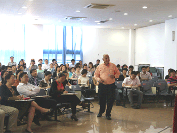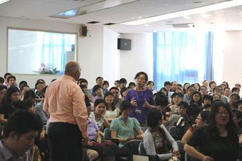 保罗凯莫博士以“老师教什么,老师如何教,哪个更重要?”的提问开始了本场讲座。首先,解答了讨论式教学的两个难点问题,一是如何利用课堂宝贵的时间,二是如何创设课堂讨论环境。其次,讲到了提问的艺术,强调教师要引导学生朝期待的方向去思考,并走出教师自己的“舒适地带”。最后,保罗博士依据在托马斯杰佛逊科技高中和人大附中的教学经验,讲解了如何整合教学风格和学生行为,从而提高教学效率的方式与技巧。整个讲座过程,保罗凯莫幽默诙谐,不断与教师互动并解答老师提出的问题。
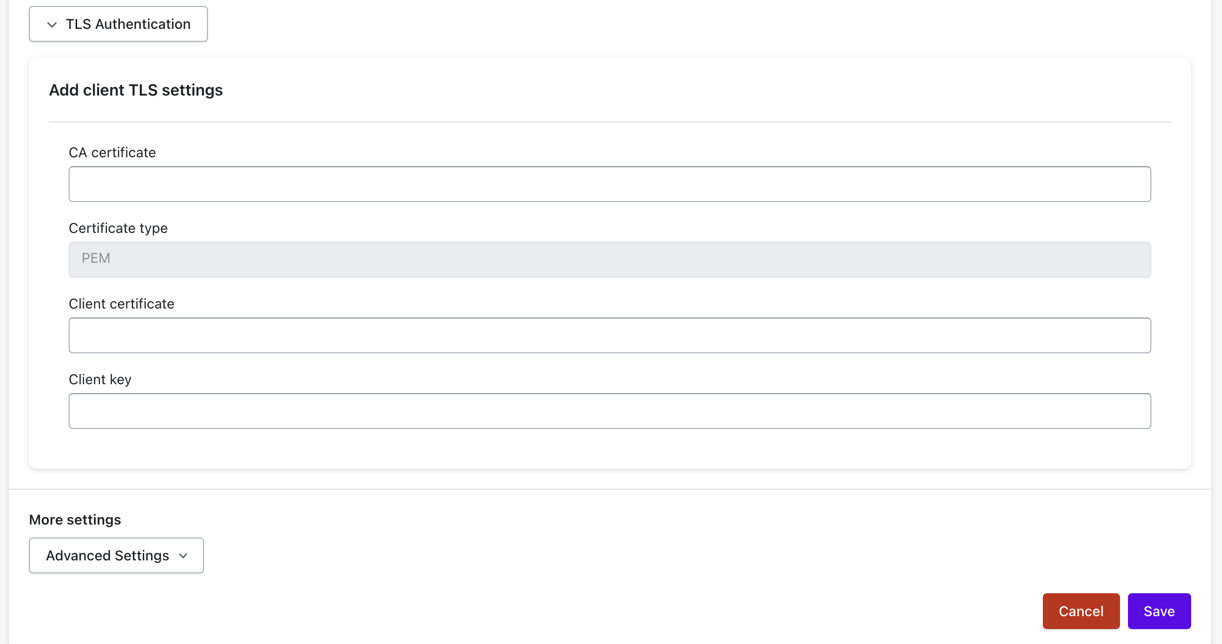 Click on `TLS Authentication` to reveal the configuration inputs.
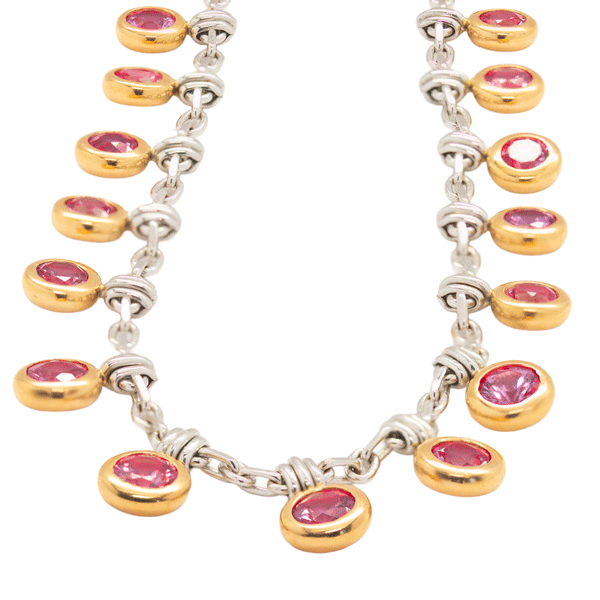 Pink Sapphire Necklace In 18K Two Tone Gold 10.75Ctw Sapphires
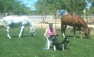 ![]() Here is Gigi grazing her two horses, Pk and Gunny. I think she is reading bedtime stories to them! |
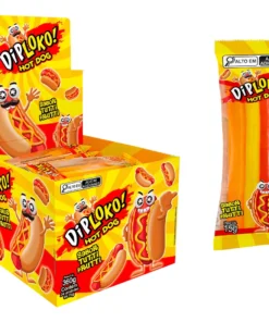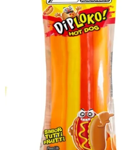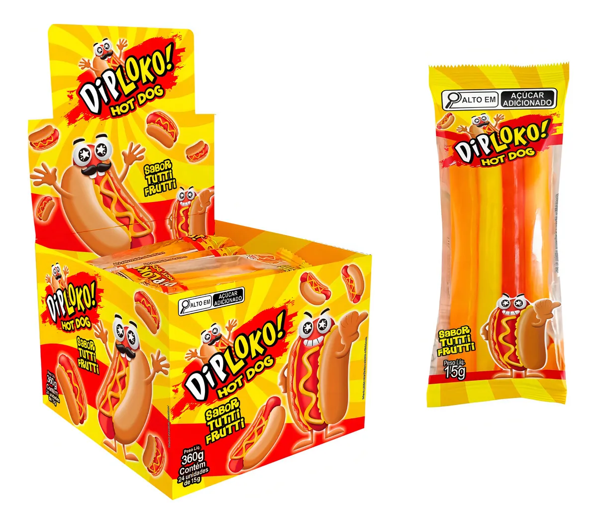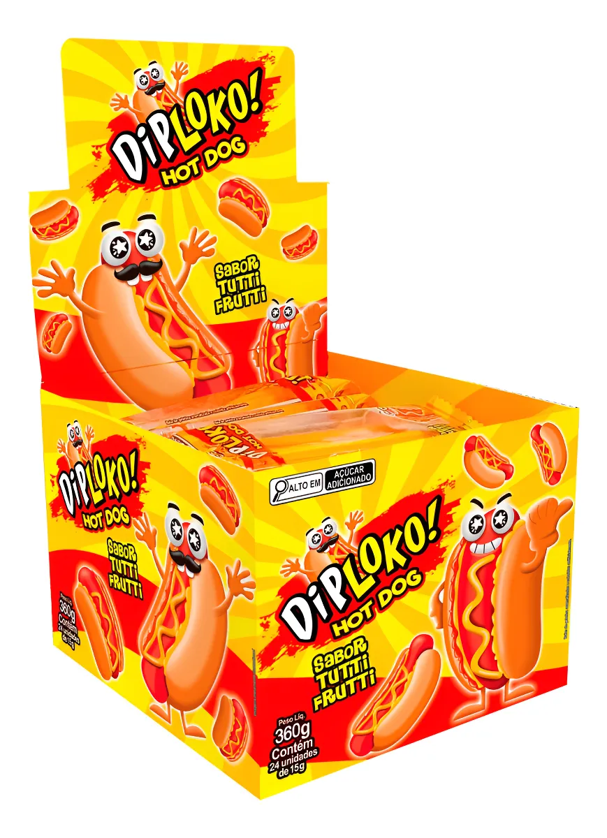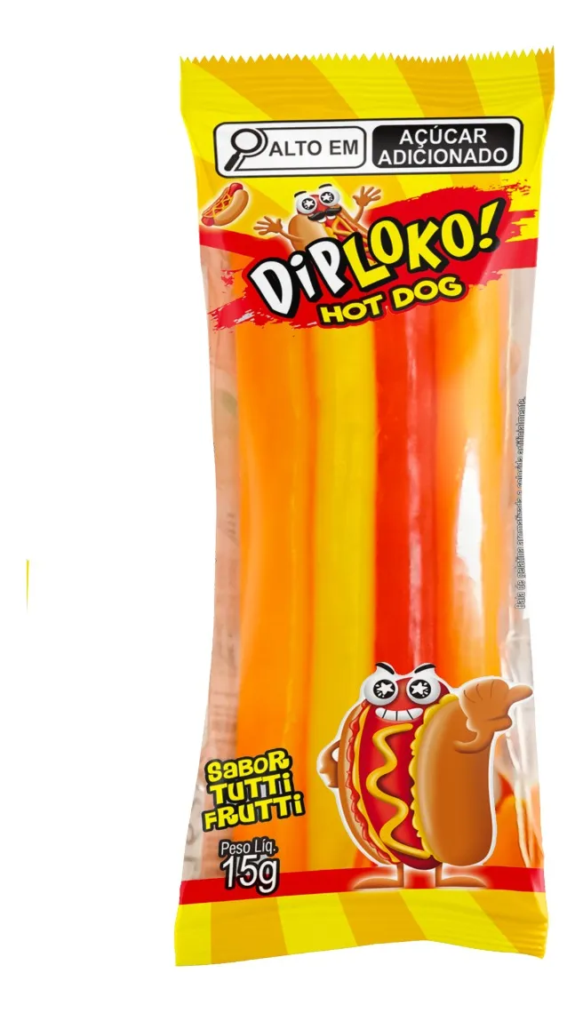 Garanta já o seu e aproveite essa novidade que está conquistando todos os paladares! Formato divertido de hot dog Os ingredientes do hot dog se separam ao puxar! Irresistível sabor de Tutti Frutti Ideal para festas infantis Perfeito para sacolinhas surpresa Sabor: Tutti Frutti Marca: Danilla Foods Peso: 360g Quantidade: 24 unidades de 15g cada Ingredientes: xarope de glicose, açúcar, água, emulsificante gelatina, amido modificado, acidulante ácido cítrico, emulsificante pectina, regulador de acidez ácido málico, óleo vegetal de palma, estabilizante citrato de sódio, aroma artificial de tutti frutti e corantes artificiais (vermelho allura AC (INS129), amarelo tartrazina (INS 102), amarelo crepúsculo (INS 110), azul brilhante FCF (INS 133) e corante inorgânico dióxido de titânio (INS 171). Não contém glúten. Informações Nutricionais: Porção 15g (1 unidade) Valor Energético: 52 Kcal (3%) Carboidratos: 12g (4%) Açúcares Totais: 5,3g Açúcares Adicionados: 5,3g (11%) Proteínas: 0,9g (2%) Sódio: 2,3mg (0%) Não contém quantidades significativas de gorduras totais, gorduras saturadas, gorduras trans e fibras alimentares.
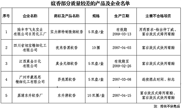 日前,國家質(zhì)檢總局對盤式蚊香產(chǎn)品質(zhì)量進行了國家監(jiān)督抽查,產(chǎn)品抽樣合格率為87.4%。 此次抽查對盤式蚊香產(chǎn)品的用藥要求、連續(xù)燃點時間、有效成分含量、藥效以及標志等五個項目進行了檢驗,共涉及廣東、福建、江西、湖南、廣西、湖北、四川、重慶、浙江、江蘇等10個省份87家企業(yè)生產(chǎn)的87種產(chǎn)品(不涉及出口產(chǎn)品)。經(jīng)檢驗,所檢產(chǎn)品藥效指標均符合國家強制性標準規(guī)定的要求。 此次抽查結果表明,大中型生產(chǎn)企業(yè)產(chǎn)品抽樣合格率為100%,產(chǎn)品質(zhì)量較好,但個別小型企業(yè)產(chǎn)品存在一些質(zhì)量問題,例如個別產(chǎn)品用藥要求不合格,為提高殺蟲效果,超范圍使用農(nóng)藥,違規(guī)添加國家明令禁止的農(nóng)藥仲丁威;個別產(chǎn)品包裝標識不規(guī)范;個別產(chǎn)品連續(xù)燃點時間達不到標準規(guī)定的要求。 抽查中發(fā)現(xiàn),個別產(chǎn)品有效成分含量偏低或偏高,有效成分含量偏低,達不到驅蚊效果;偏高則對人體健康安全有影響。
==============================
EXERCISE DIRECTIONS: Take the line that contains "Garanta já o" and every line after it up to the end of the records above, and restate them exactly, without the pictures.

EXPECTED ANSWER:
 Garanta já o seu e aproveite essa novidade que está conquistando todos os paladares! Formato divertido de hot dog Os ingredientes do hot dog se separam ao puxar! Irresistível sabor de Tutti Frutti Ideal para festas infantis Perfeito para sacolinhas surpresa Sabor: Tutti Frutti Marca: Danilla Foods Peso: 360g Quantidade: 24 unidades de 15g cada Ingredientes: xarope de glicose, açúcar, água, emulsificante gelatina, amido modificado, acidulante ácido cítrico, emulsificante pectina, regulador de acidez ácido málico, óleo vegetal de palma, estabilizante citrato de sódio, aroma artificial de tutti frutti e corantes artificiais (vermelho allura AC (INS129), amarelo tartrazina (INS 102), amarelo crepúsculo (INS 110), azul brilhante FCF (INS 133) e corante inorgânico dióxido de titânio (INS 171). Não contém glúten. Informações Nutricionais: Porção 15g (1 unidade) Valor Energético: 52 Kcal (3%) Carboidratos: 12g (4%) Açúcares Totais: 5,3g Açúcares Adicionados: 5,3g (11%) Proteínas: 0,9g (2%) Sódio: 2,3mg (0%) Não contém quantidades significativas de gorduras totais, gorduras saturadas, gorduras trans e fibras alimentares.
 日前,國家質(zhì)檢總局對盤式蚊香產(chǎn)品質(zhì)量進行了國家監(jiān)督抽查,產(chǎn)品抽樣合格率為87.4%。 此次抽查對盤式蚊香產(chǎn)品的用藥要求、連續(xù)燃點時間、有效成分含量、藥效以及標志等五個項目進行了檢驗,共涉及廣東、福建、江西、湖南、廣西、湖北、四川、重慶、浙江、江蘇等10個省份87家企業(yè)生產(chǎn)的87種產(chǎn)品(不涉及出口產(chǎn)品)。經(jīng)檢驗,所檢產(chǎn)品藥效指標均符合國家強制性標準規(guī)定的要求。 此次抽查結果表明,大中型生產(chǎn)企業(yè)產(chǎn)品抽樣合格率為100%,產(chǎn)品質(zhì)量較好,但個別小型企業(yè)產(chǎn)品存在一些質(zhì)量問題,例如個別產(chǎn)品用藥要求不合格,為提高殺蟲效果,超范圍使用農(nóng)藥,違規(guī)添加國家明令禁止的農(nóng)藥仲丁威;個別產(chǎn)品包裝標識不規(guī)范;個別產(chǎn)品連續(xù)燃點時間達不到標準規(guī)定的要求。 抽查中發(fā)現(xiàn),個別產(chǎn)品有效成分含量偏低或偏高,有效成分含量偏低,達不到驅蚊效果;偏高則對人體健康安全有影響。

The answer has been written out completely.